YES. Tally a much-needed score for America's most-maligned state.
Last night, Prouty, a blond bartender -- who looks like he should be ensconced in a cubicle somewhere selling insurance -- went on The Ed Show on MSNBC to spill his trove of secrets.
Here's a sampling, from the man who caught everything at Romney's Boca Raton gathering.
5. Scott Prouty Didn't Plan to Take Down Mitt Romney
"I really had no idea he would say what he did, and I had no idea it was going to be this big thing," Prouty proclaimed. He said he'd only brought his camera along with him because he thought that, perhaps, Mitt Romney would spend some time with the service staff and he didn't want to miss a thing.
He remembered that Bill Clinton had done that at a similar event he'd covered and assumed Romney would follow suit.
4. Scott Prouty Doesn't Know Much About Political Fundraising
This was rather endearing, actually. But Scott Prouty took great umbrage with the fact that a plate of food at the exclusive party cost $50,000.
"I grew up in a blue color area of Boston and no one I know can afford $50,000 for dinner," Prouty said. "There's just no way. I felt like whether you're a Republican or a Democrat or an Independent there's a lot of people who can't afford to pay $50,000 for dinner."
This is all true. But that's not exactly how presidential politics works. Both Romney and Obama (as did Clinton and Reagan) held opulent dinners across the nation to -- gasp! -- make lots more money. If you don't, you don't become president.
3. Prouty's Story Differs From James Carters'
Last November, we wrote 1,500 news piece on the 47-percent video, puzzling together just how this whole thing happened. We interviewed Prouty via e-mail -- though we didn't know his identity -- as well as James Carter, who'd linked Prouty to Mother Jones Political Editor David Corn.
James Carter told New Times he'd contacted Prouty after discovering one of Prouty's early videos.
But last night, Prouty told MSNBC's viewers that he was the first one to say he wanted to take the video nationally.
2. Prouty almost didn't release the video
It was early in the morning, nine months ago when Prouty said he'd decided to spread the video. He was stumbling around the darkness of his South Florida house, peering out the window, before heading for the bathroom.

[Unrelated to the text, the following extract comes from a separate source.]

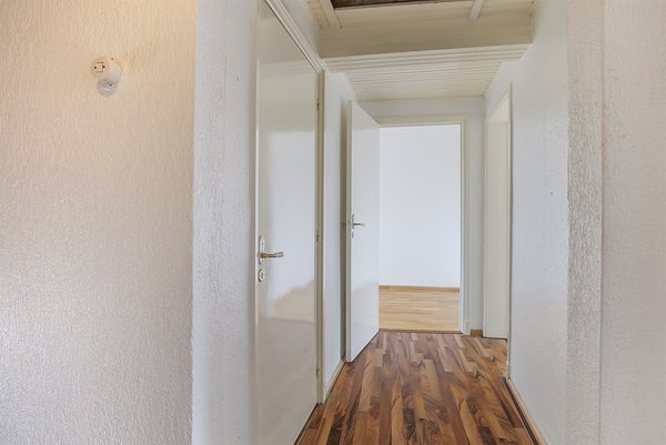 De voordeur bevindt zich aan de zijkant van het pand, gelegen aan de oprit welke eveneens toegang verleent aan de loods met parkeerplaatsen. 1 parkeerplaats is gereserveerd voor de bewoners van deze bovenwoning. In de hal/entree die is voorzien van een tegelvloer, treft u de goed verzorgde meterkast en een toiletruimte.

He looked into the mirror. "I thought, 'You're a coward,' " he told Schultz. " 'You're an absolute coward.' So I thought, 'That's not going to work.' I turned a corner. I felt good about it and I never looked back."
1. Prouty is not a teenaged Chinese girl.
Prouty -- blond, blue-eyed, and thick-necked -- is most definitely not a Chinese girl.
For months, Prouty has dispatched tweet after tweet, YouTube video after video, all under the social media name of Anne Onymous. It showed a picture of a Chinese girl with some scribbling in the background.
Translated, the scrawls describe several job advertisements. One says: "Two male operatives needed, salary 650-700 yuan per month, food and accommodation included." Another says: "Female 500 per month, food and accommodation included, working 8 hours per day."
For reasons that still aren't explained, Prouty is passionate about the factory girls of China. This was the reason Prouty initially decided to send out the 47-percent video -- not to display displeasure over the inequities coursing through our nation.
The link Prouty has to this issue is still unclear.